Brics a damp squib: Narendra Modi govt should check its obsession with Pakistan
The Brics summit and the overlapping Bimstec outreach meet of regional powers in Goa over the weekend were hyped up beyond expectation to deliver unrealistic results.
The Brics summit and the overlapping Bimstec outreach meet of regional powers in Goa over the weekend were hyped up beyond expectation to deliver unrealistic results. "It was a damp squib," said former Cabinet Secretary Naresh Chandra. While terrorism was part of the Goa Declaration, Pakistan was not named. This had to do with China, and Russia did not try to overrule President Xi Jinping either. In its obsession with Pakistan, India overlooked the obvious: China would play its hand.
Beijing had done so on the issue of Nuclear Suppliers Group (NSG) and over Masood Azhar in the UN Security Council. Why did India believe that China would change its views? That is a question both Indian diplomats and the government must answer.
Goa was to play a pivotal part in India’s diplomatic efforts to isolate Pakistan. Terror emanating from Pakistan was to be the main focus at both these meets. Ever since the Uri attack, Indian diplomacy has got stuck on a one point agenda: get the world to side with you and condemn Pakistan. This is all very well, but at a time when Indian ambitions of being a global player under Prime Minister Narendra Modi is soaring, the constant focus on Pakistan is bringing the country down to the India-Pakistan sub continental matrix.

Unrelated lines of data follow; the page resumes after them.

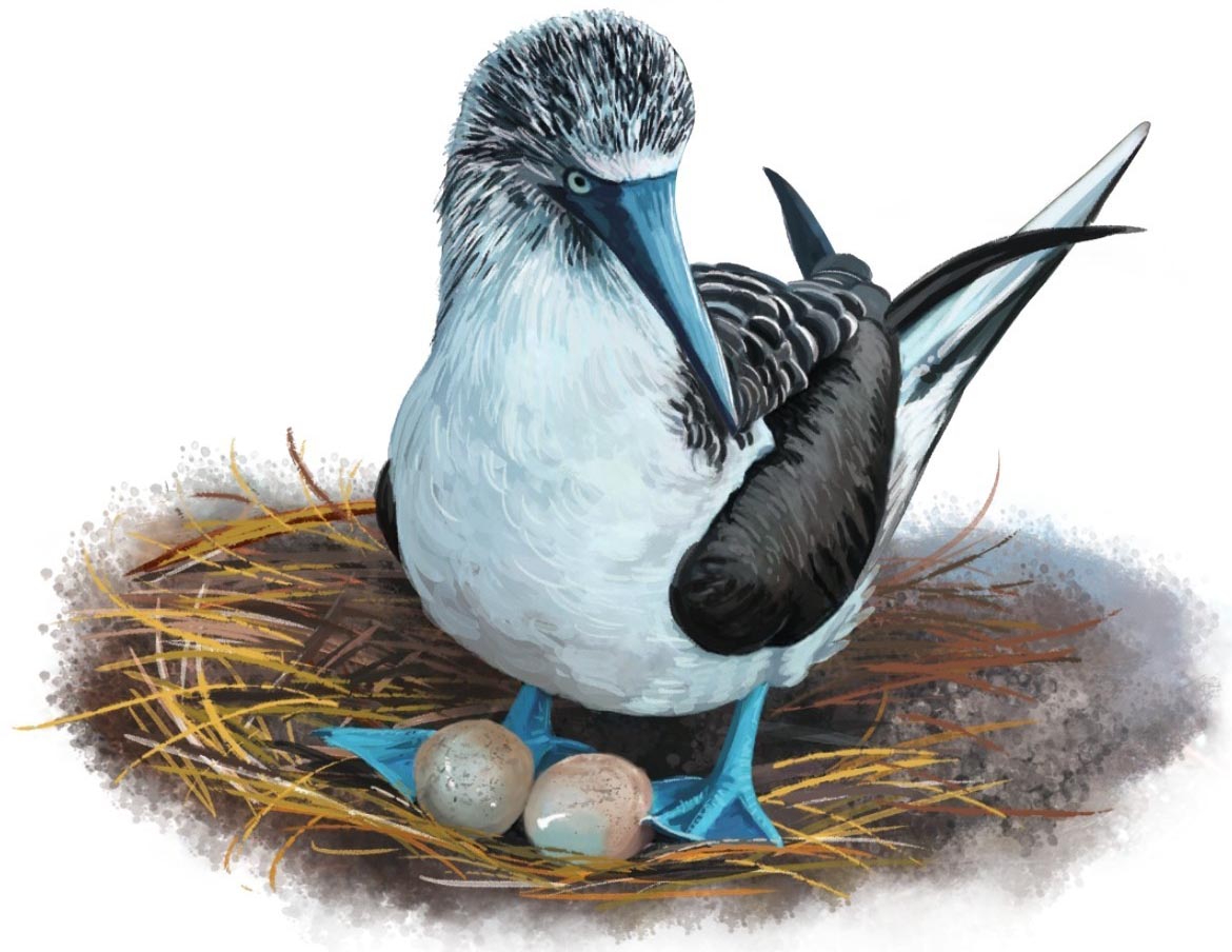 蓝脚鲣鸟的孵化任务由雌雄鸟共同负担。当雌蓝脚鲣鸟出去觅食的时候,雄蓝脚鲣鸟就静静地在巢中孵蛋,等雌鸟觅食回来后,它就将蛋交给伴侣,自己则飞到海上觅食了。
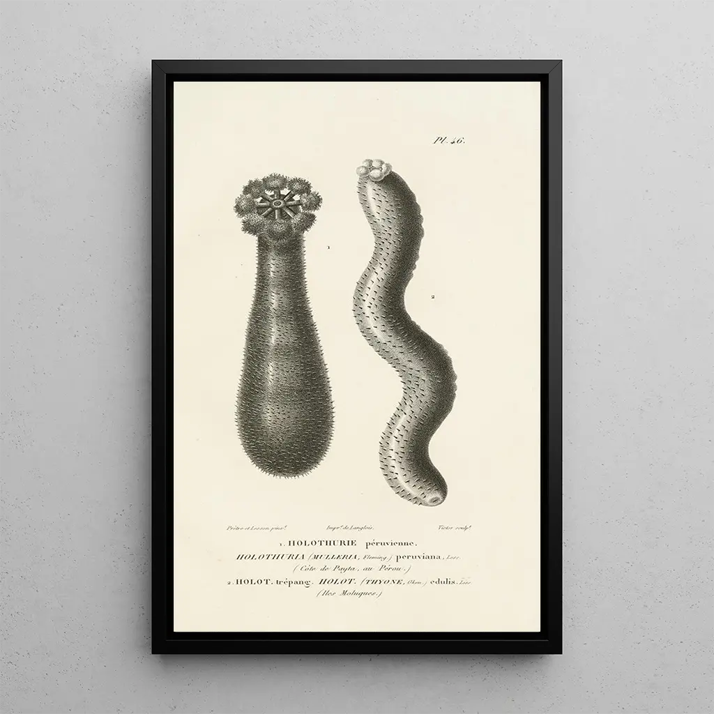 Die kunstdrucke der Centurie zoologique Pl46 von René Primevère Lesson laden dazu ein, die Vielfalt der Tierwelt durch eine sorgfältige und farbenfrohe Darstellung zu entdecken. Dieses Werk, das mit einer feinen Gravurtechnik gefertigt wurde, zeigt Tiere in fesselnden Posen und enthüllt ihre natürliche Schönheit. Die lebendigen Farben und die präzisen Details schaffen eine lebendige, fast magische Atmosphäre, die den Betrachter in eine Welt entführt, in der jede Kreatur hervorgehoben wird. Die ausgewogene und harmonische Komposition dieses Leinwandbildes zieht sofort den Blick auf sich und weckt Bewunderung.
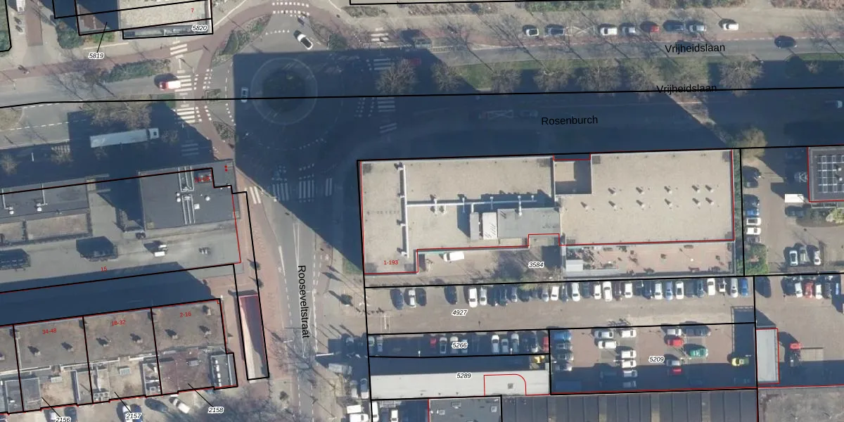 Het perceel waarop Rosenburch 170 staat heeft een oppervlakte van 2705 m². Dit is een zeer groot perceel. De perceeloppervlakte wordt geregistreerd door het Kadaster. Gedetailleerde informatie over de maten van dit perceel kunt u vinden in het rapport Kadastrale kaart met maatvoering van Rosenburch 170.
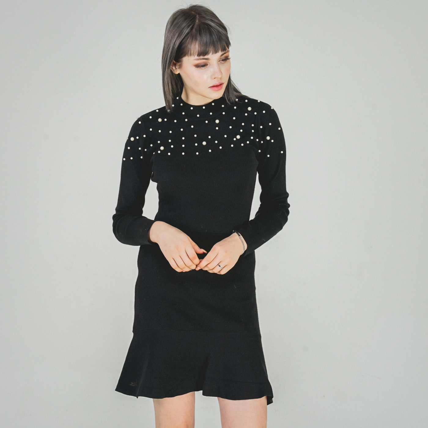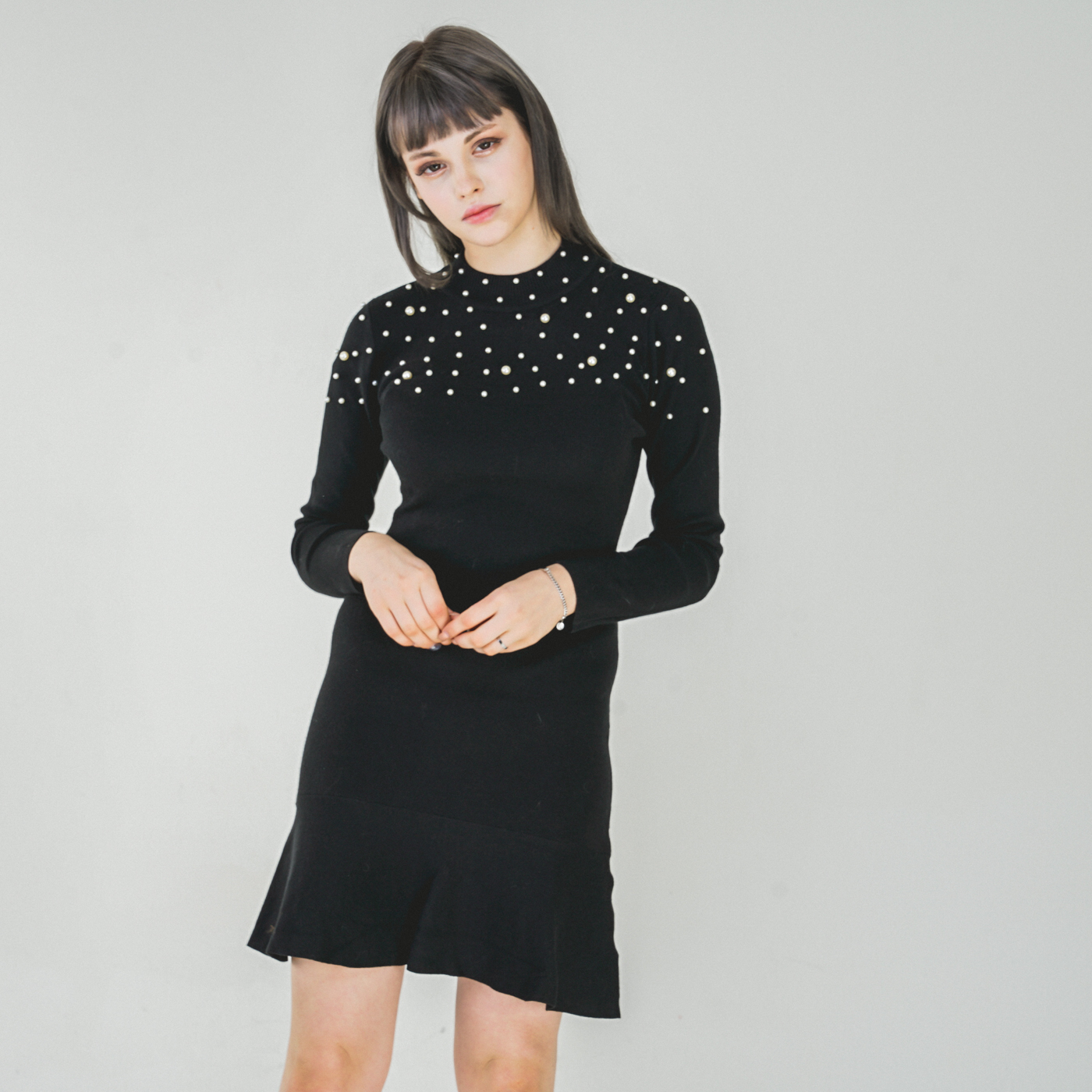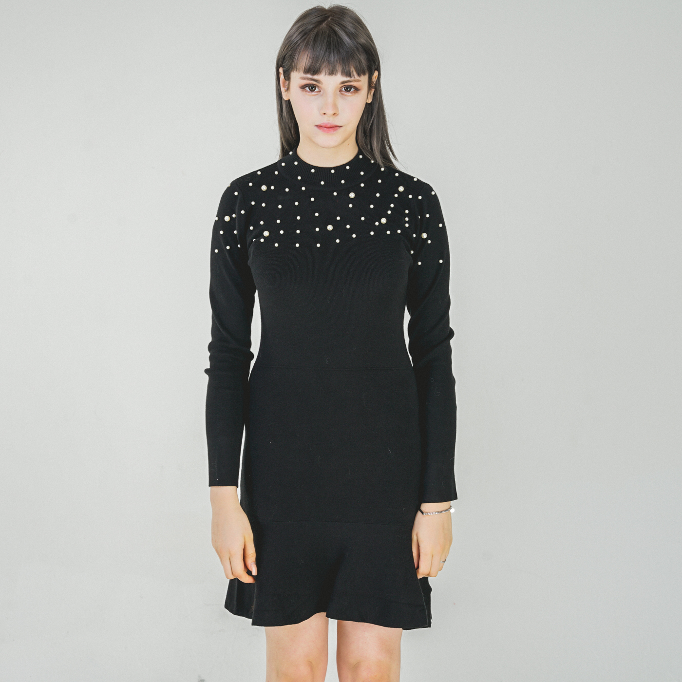 퀄리티 높은 페플럼 스타일의 니트원피스입니다.
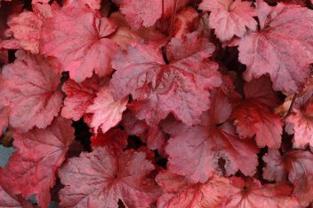 Маленький, пышный куст, с плотными, блестящими, красно-коричневыми листьями с розовым крапом. Высотой 20-30см, шириной 35см. Цветоносы высокие, с белыми цветами. Листья очень большие, блестящие, кожистые. Весной появляются поразительно ярко-красными, и становятся тёмно-пурпурными с возрастом. А пестрые пятна становятся светлее и более заметными. Над розеткой пестрой листвы возвышаются белые соцветья из мелких цветочков высотой до 30 см. Цветет июнь-июль.

This is something successive governments had fought against for decades. Delhi would be piqued, if visiting dignitaries, especially from the US and other western nations, would also visit Pakistan. India wanted to break away from this with its connotations of the South Asian context. After Uri, India’s entire foreign policy seems to be entirely focused on Pakistan.
"The Goa meet is a textbook lesson on how not to conduct India's diplomacy," said the former bureaucrat who has a good hold on foreign affairs. He was also India’s ambassador to the US when India conducted its nuclear tests in 1998. Considering that the Brazil-Russia-India-China-South Africa grouping of the emerging economies is more a trade body, it was not a forum to hammer home the point about Pakistan and terror. India's diplomatic surge in Brics was ill-timed.
Much more important is the fact that with China batting for Pakistan all along, it was to be expected that no anti-Pakistan statement would be reflected in the communiqué at the end of the Summit. Indian diplomats are well aware of the changing relations in world politics. Russia’s ties with the US has reached rock bottom. It is almost as if the Cold War era is back.
On Syria, Russia and US are on opposite sides. Washington has accused President Vladimir Putin’s men of trying to influence the US elections by hacking into sensitive email accounts. Putin is now the villain, much like what Iraq’s Saddam Hussain was before the Iraq invasion. Putin is smarting under the US insults, which are thrown at him every single day. He is coming closer to China and in the equation, China for the moment is calling the shots. At the same time, Moscow cannot but be unaware of India’s growing closeness to the US. Moscow's overtures to Pakistan, including holding of joint military exercises, may also be due to China’s prodding.
According to Chandra, Russia is keen to be a part of the China-Pakistan economic corridor. This may one day also extend to Afghanistan. In these circumstances India would have been day dreaming if it wanted a strong anti-Pakistan statement. Islamabad will be crowing that the two major powers, China and India’s old friend Russia had refused to turn Brics into a anti-Pakistan platform.
India's ultra nationalist media has also played into the narrative. Either a country is with India or against India. There are no shades here. Other countries national and strategic interests are of little importance. Condemn Pakistan and make it pay for its sponsorship of terrorism. India is delighted with phrases describing Pakistan as the ivy league of terror, a fountain head of terror. But in the end except for pleasing the domestic audience, what does it achieve? Precious little.
Much was made of a young Indian diplomat being fielded at the UN General Assembly to reply to Nawaz Sharif’s Kashmir-centric speech, but what did that achieve really. Again the domestic constituency was thrilled, but what else. Perhaps this is what the government is hoping to impress ahead of crucial elections in pivotal states like Uttar Pradesh, Punjab and Manipur early next year.
India has been more successful with the Bimstec countries. Bangladesh and Bhutan are with India. So is Sri Lanka, though the government is coming under criticism for pulling out of Saarc, at what is seen as following India’s diktat. Nepal’s Prachanda is also under fire. The smaller regional powers may well be with Delhi but that is neither here or there, when Russia and China have stood by Pakistan.